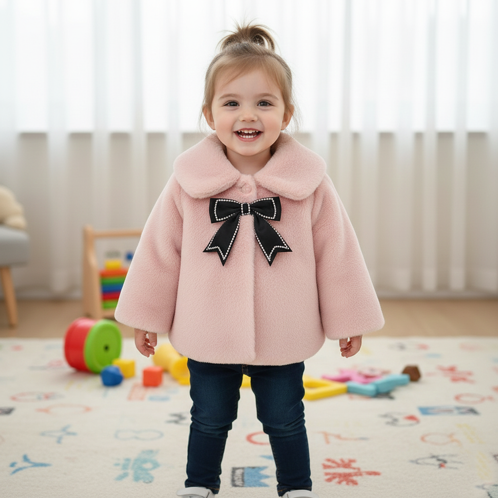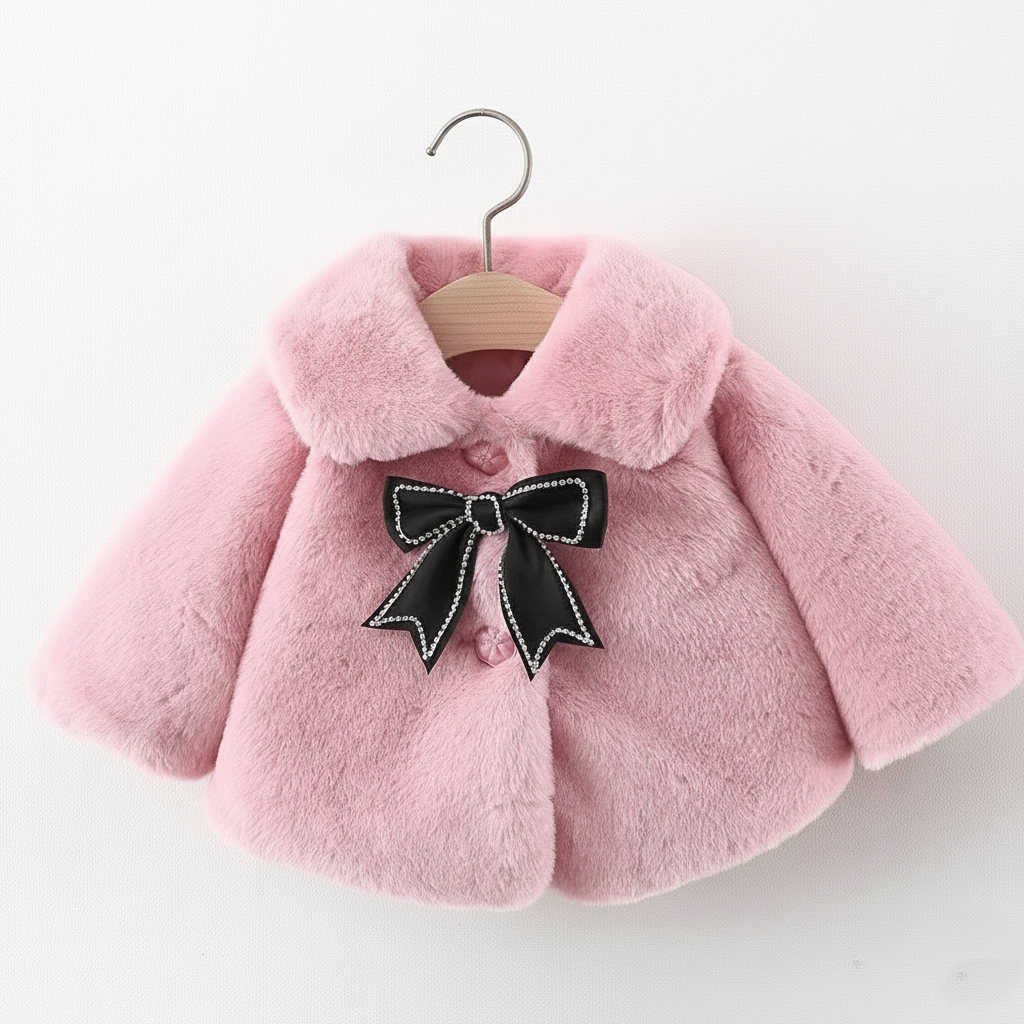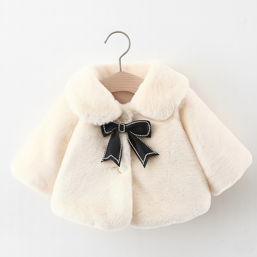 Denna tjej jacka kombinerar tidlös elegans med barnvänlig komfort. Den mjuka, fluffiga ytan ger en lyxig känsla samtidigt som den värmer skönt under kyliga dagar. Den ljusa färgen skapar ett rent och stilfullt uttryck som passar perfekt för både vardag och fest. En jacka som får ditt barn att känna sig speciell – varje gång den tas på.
* * *
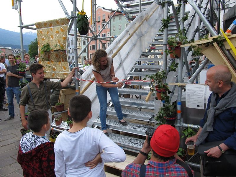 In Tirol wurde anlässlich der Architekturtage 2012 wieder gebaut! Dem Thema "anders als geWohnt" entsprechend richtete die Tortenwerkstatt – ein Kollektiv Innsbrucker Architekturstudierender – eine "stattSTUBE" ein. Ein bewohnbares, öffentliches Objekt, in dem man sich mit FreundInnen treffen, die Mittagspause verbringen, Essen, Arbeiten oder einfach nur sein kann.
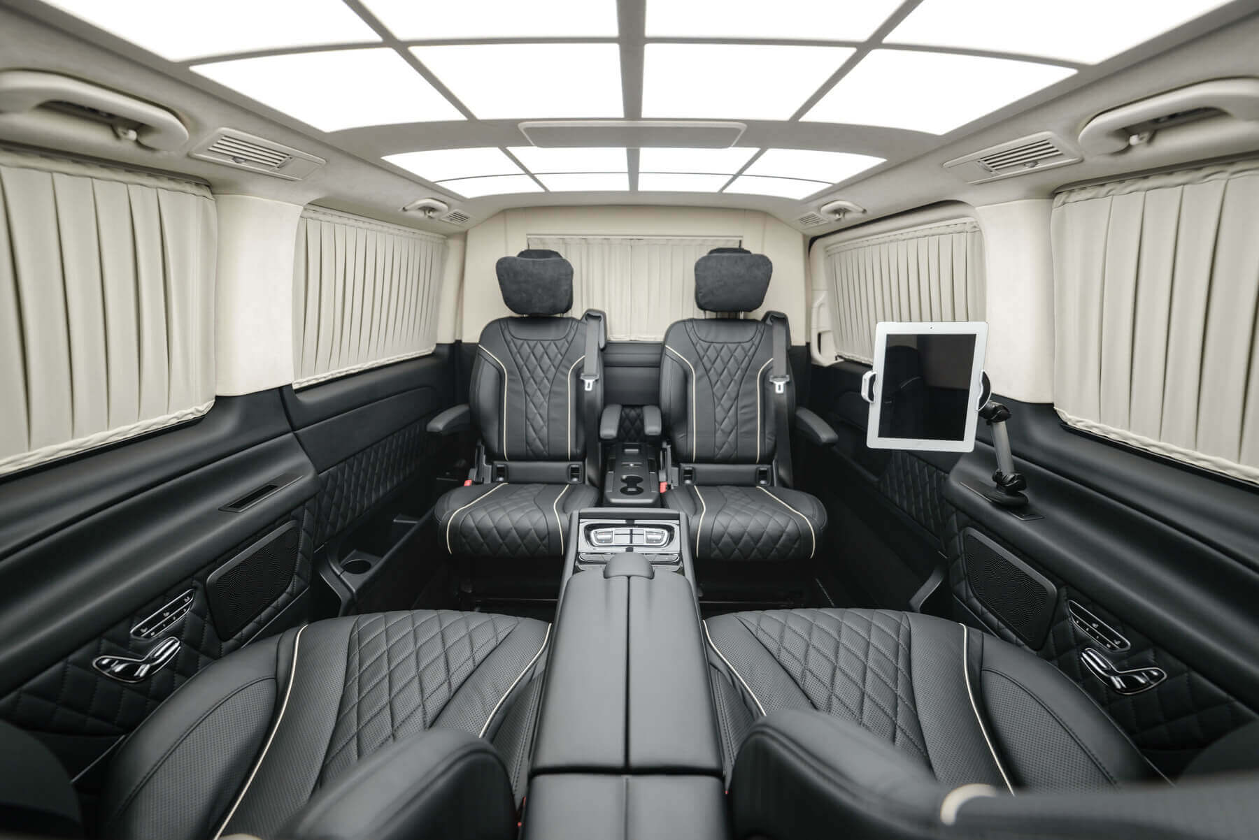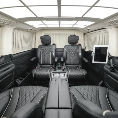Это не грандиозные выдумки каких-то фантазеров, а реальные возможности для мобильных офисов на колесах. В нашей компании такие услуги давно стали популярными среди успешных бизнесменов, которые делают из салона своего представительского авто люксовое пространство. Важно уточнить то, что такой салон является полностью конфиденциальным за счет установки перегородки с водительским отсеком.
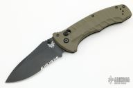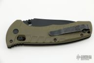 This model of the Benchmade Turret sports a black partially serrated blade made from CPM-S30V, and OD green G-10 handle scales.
---
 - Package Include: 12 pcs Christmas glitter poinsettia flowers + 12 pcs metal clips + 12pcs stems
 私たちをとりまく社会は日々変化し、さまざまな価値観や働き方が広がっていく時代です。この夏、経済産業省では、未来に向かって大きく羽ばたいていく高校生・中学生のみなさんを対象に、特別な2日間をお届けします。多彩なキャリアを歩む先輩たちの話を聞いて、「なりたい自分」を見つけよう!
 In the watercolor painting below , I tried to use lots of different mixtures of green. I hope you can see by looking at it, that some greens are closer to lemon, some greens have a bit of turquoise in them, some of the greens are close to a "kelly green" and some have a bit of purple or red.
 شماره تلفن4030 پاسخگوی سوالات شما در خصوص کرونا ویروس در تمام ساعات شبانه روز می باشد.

- _WHAT IS REQUIRED_
In the data above, find the line with "- Package Include: 12" and the line with "شماره تلفن4030 پاسخگوی". Retype both, plus every line between them, exactly.

- _SOLUTION FOR THIS TASK_
 - Package Include: 12 pcs Christmas glitter poinsettia flowers + 12 pcs metal clips + 12pcs stems
 私たちをとりまく社会は日々変化し、さまざまな価値観や働き方が広がっていく時代です。この夏、経済産業省では、未来に向かって大きく羽ばたいていく高校生・中学生のみなさんを対象に、特別な2日間をお届けします。多彩なキャリアを歩む先輩たちの話を聞いて、「なりたい自分」を見つけよう!
 In the watercolor painting below , I tried to use lots of different mixtures of green. I hope you can see by looking at it, that some greens are closer to lemon, some greens have a bit of turquoise in them, some of the greens are close to a "kelly green" and some have a bit of purple or red.
 شماره تلفن4030 پاسخگوی سوالات شما در خصوص کرونا ویروس در تمام ساعات شبانه روز می باشد.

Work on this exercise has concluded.